Garrigou-Lagrange,
O.P
A morte de Tobias representa,
no Antigo Testamento, a morte do justo (Tob., XIV, 10): “À hora da morte,
Tobias chamou o filho, as sete filhas, os netos e disse-lhe… ‘Ouvi agora, meus
filhos, o vosso pai: servi o Senhor na verdade e esforçai-vos por fazer o que
lhe é agradável. Recomendai aos vossos filhos que pratiquem a justiça, dêem
esmolas, se lembrem de Deus e o bendigam sempre, na verdade e com todas as suas
forças’”.
No
livro do Eclesiástico (XXXIII, 7, 15) diz-se que o justo não se escandaliza com
a desigualdade das condições e é sobretudo à hora da morte que a sua opinião a
este respeito é mais sensata. “Por que há pobres e ricos, desafortunados e
afortunados?” O Eclesiástico responde: “Porque motivo um dia (de sol) triunfa
de outro dia (de chuva), e a luz de todos os dias vem do sol? Foi a sabedoria
do Senhor que estabeleceu entre eles estas diferenças e criou as diversas estações.

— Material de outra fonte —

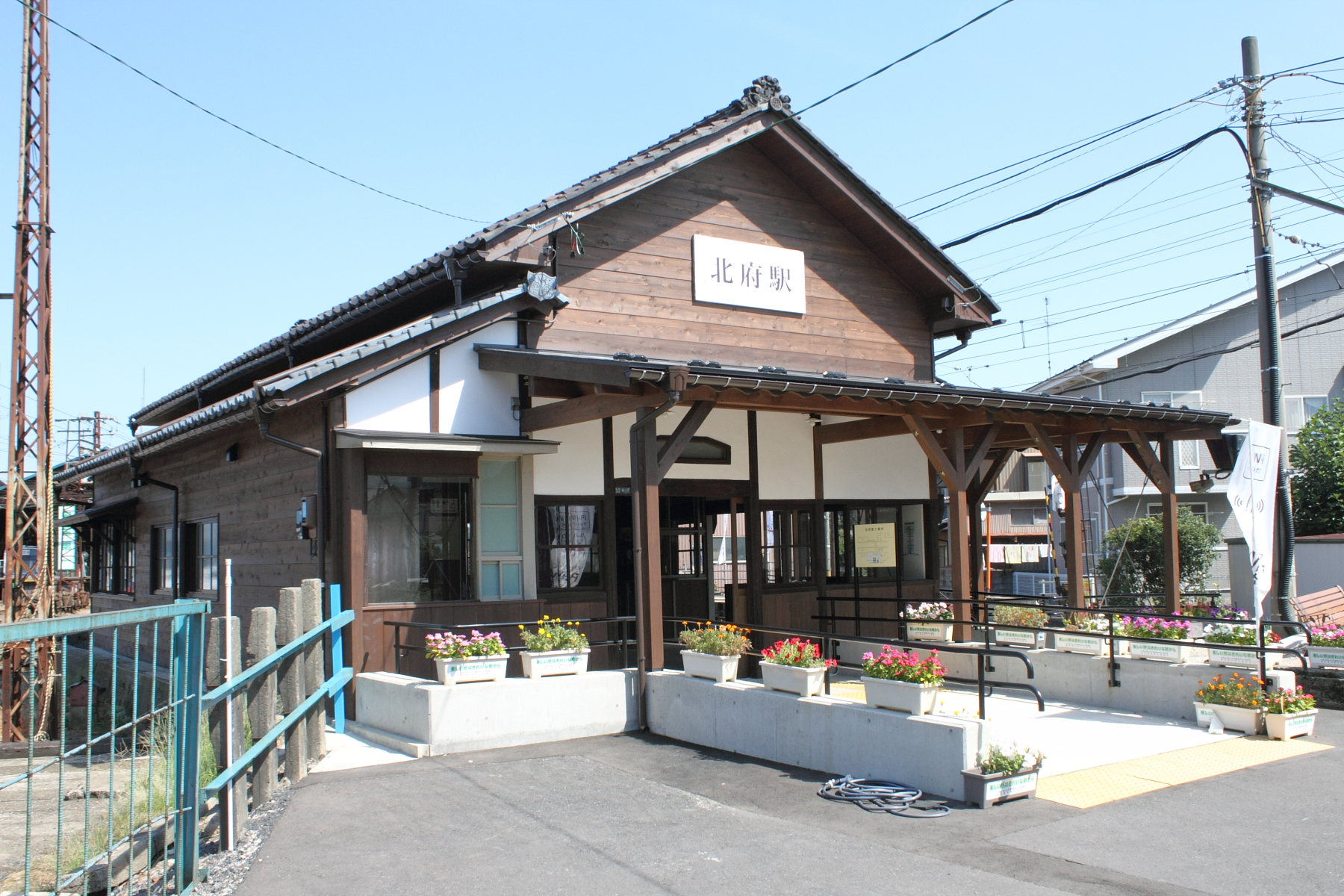 Entrance of Kitago Station.
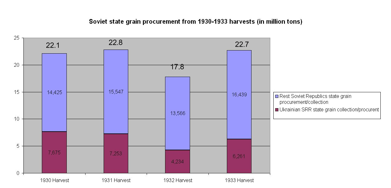 Graph for Soviet Union and Ukrainian SRR (share state grain procurement from 1930-1933 harvests. Figures derrived from The Industrialisation of Soviet Russia Volume 5: The Years of Hunger: Soviet Agriculture 1931-1933 - Paperback (Mar. 2, 2010) by R. W. Davies and Stephen G. Wheatcroft.
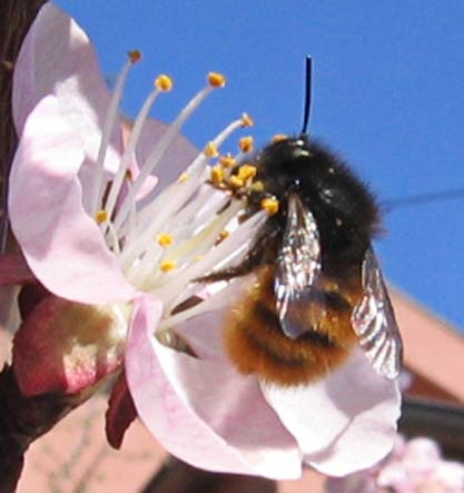 Description: Bastensko cvece Source: self-made
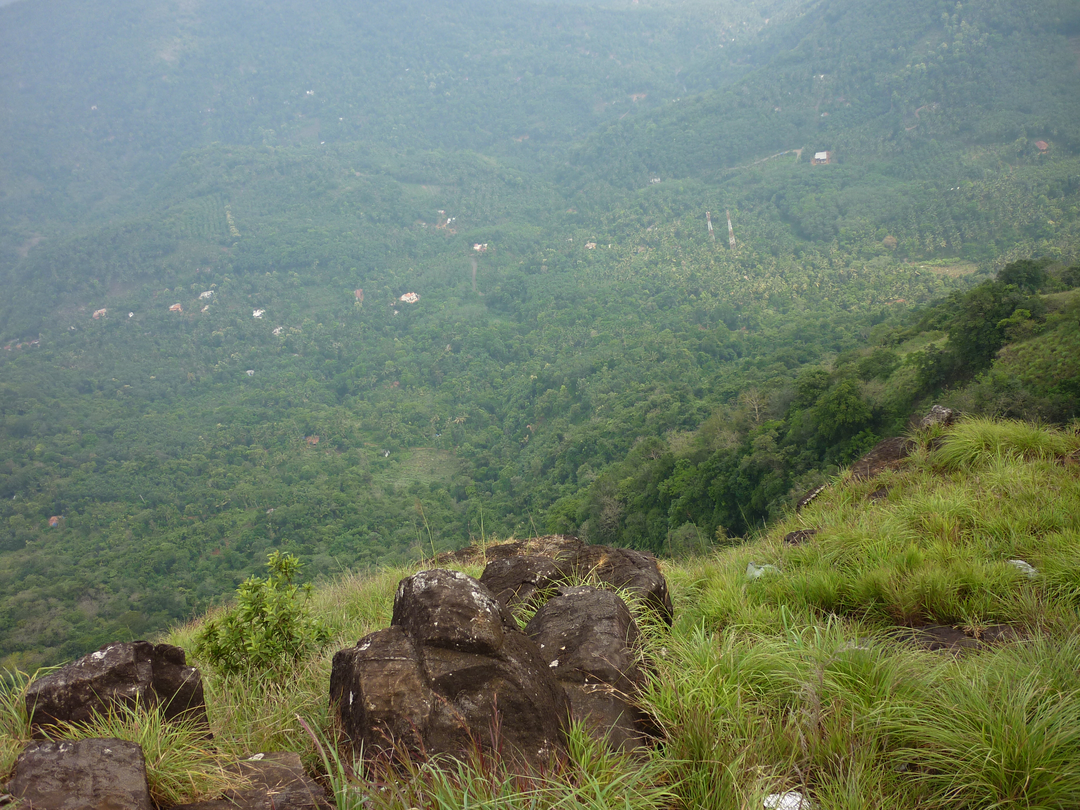 paithal mala topview
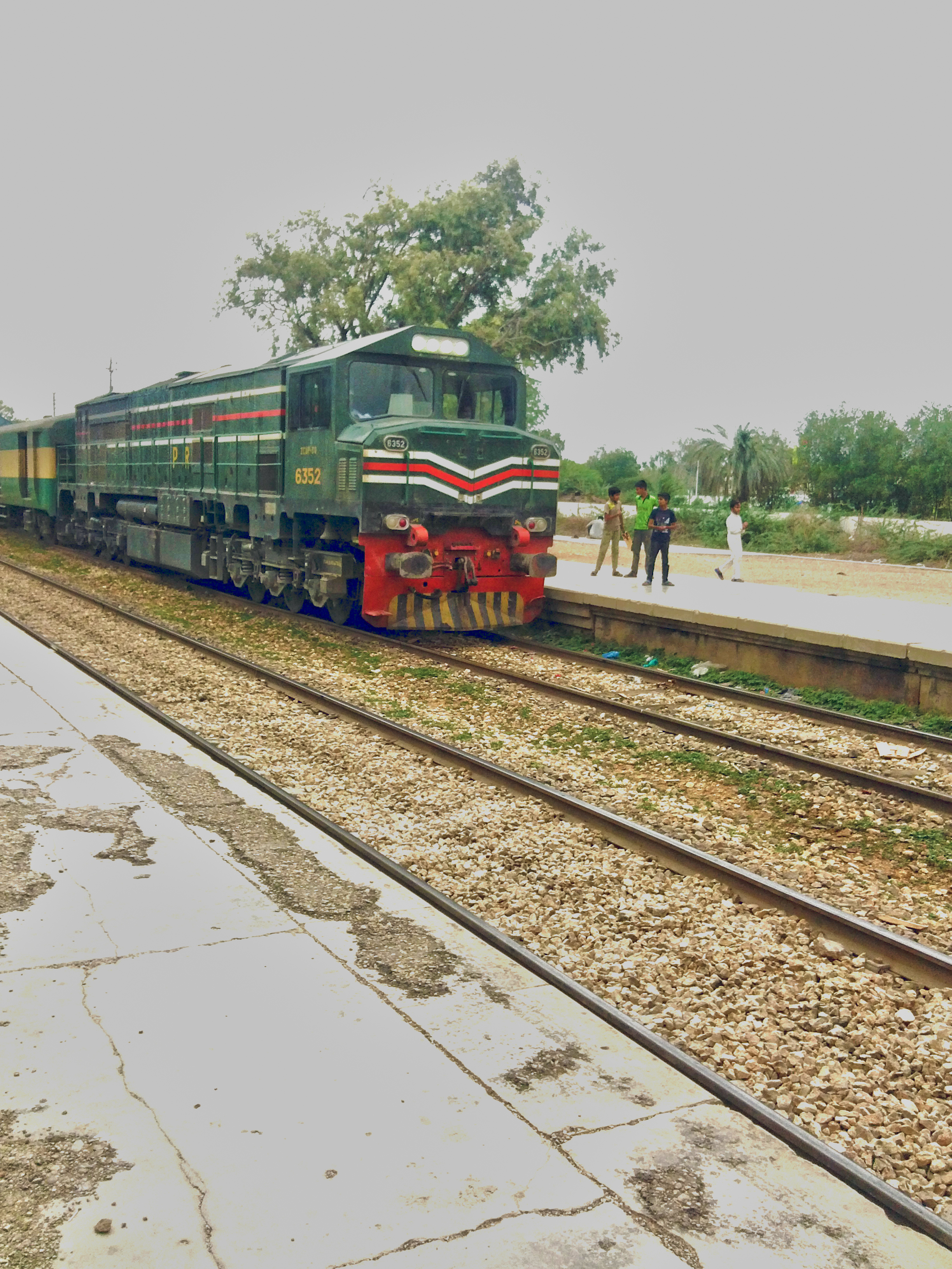 Pakistan Railways Locomotive
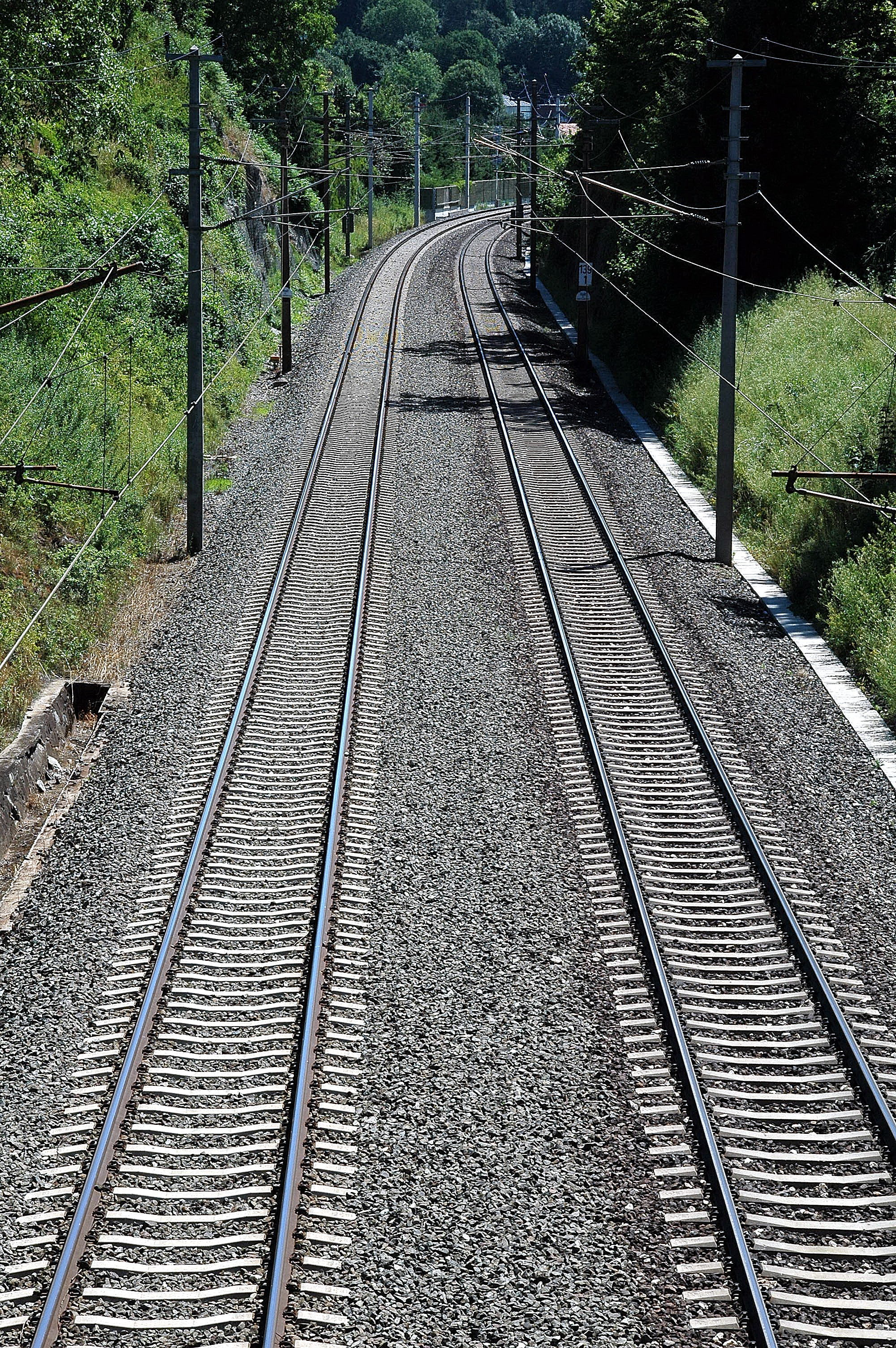 Railway tracks at Poertschach, Carinthia, Austria
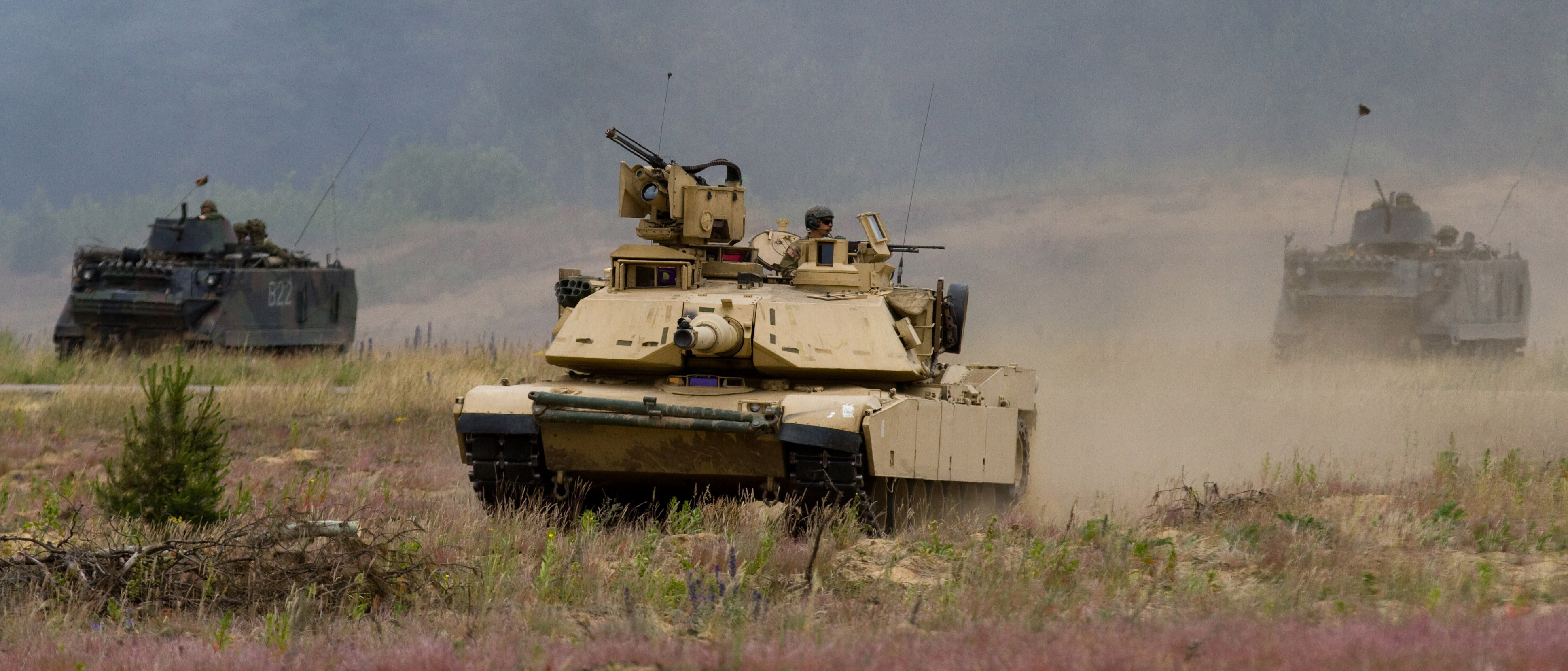 A United States Army Abrams M1A2 Main Battle Tank leads the charge during a battle demonstration along with two Lithuanian Land Forces M113 Armored Personnel Carriers during the final day of Saber Strike 2015 at the Great Lithuanian Hetman Jonusas Radvila Training Regiment, June 18, 2015. Saber Strike is a long-standing U.S. Army Europe-led cooperative training exercise. This year’s exercise objectives facilitate cooperation amongst the U.S., Estonia, Latvia, Lithuania, and Poland to improve joint operational capability in a range of missions as well as preparing the participating nations and units to support multinational contingency operations. There are more than 6,000 participants from 13 different nations. (U.S. Army Photo by Sgt. James Avery, 16th Mobile Public Affairs Detachment)

Há dias que o Senhor elevou e santificou – são os dias de festa – e há dias que
Ele colocou entre os dias ordinários. Na mesma ordem de idéias, todos os homens
descendem do barro da terra com que Adão foi plasmado. O Senhor, porém, pela
grandeza da sua sabedoria, diferenciou-os e fez com que seguissem caminhos
diferentes. Abençoou uns e elevou-os. A outros permitiu, tolerou os seus
pecados e depois abateu-os”. Dá a cada um segundo as suas obras. O justo vê
tudo isto, sobretudo no momento da morte.
Diz-se no mesmo livro do
Eclesiástico (XXXV, 11-17) que Deus atende a oração do pobre, sobretudo quando
moribundo, e pune os corações sem piedade. “O Senhor não fará distinção de
pessoas em detrimento do pobre. Ouve a oração do oprimido e da viúva. A prece
do oprimido chega até às nuvens. O Senhor não faz esperar os seus auxílios”.
Isto verificou-se, sobretudo, na morte do justo, por mais pobre e abandonado
que ele tenha sido. Deus estará com ele à última hora. Estes pensamentos
elevados aparecem constantemente no Antigo e mais ainda no Novo Testamento, que
abertamente considera a morte do justo como o prelúdio da vida eterna.
Foi-nos dado observar a morte
do justo num pobre homem, José de Estengo, que habitava com os seus num oitavo
andar perto do Campo Santo de Roma. Os braços e pernas eram uma gangrena,
sofria imenso, sobretudo por causa do frio, quando os nervos, na iminência da
morte, todos se contorciam. Nunca se queixava e oferecia todos estes
sofrimentos ao Senhor pela salvação das almas, pelos seus e pela conversão dos
pecadores. Foi atingido pela tuberculose e teve de ser transferido para o
hospital do Litorio, no outro extremo de Roma. Morreu lá cerca de três
semanas depois, no mais perfeito abandono.
Ora, precisamente no momento em
que morria, o velho pai, muito bom cristão, ouvia no outro extremo da cidade a
voz do filho que lhe dizia: “Pai, vou para o céu”. E a boa mãe dele sonhava que
o filho subia ao céu, curado de pés e mãos, como acontecera após
a ressurreição dos mortos.
Ter conhecido este pobre foi
uma das grandes graças que obtive na vida. Indicou-me uma senhora da
conferência de São Vicente de Paula: “Gostará de o conhecer”. Era,
verdadeiramente, um amigo de Deus. A morte só o veio confirmar. Foi a autêntica
morte do justo. Felizes os que morrem no Senhor. Ou, como diz a
Escritura, “os que saboreiam a morte como um prelúdio da vida eterna“.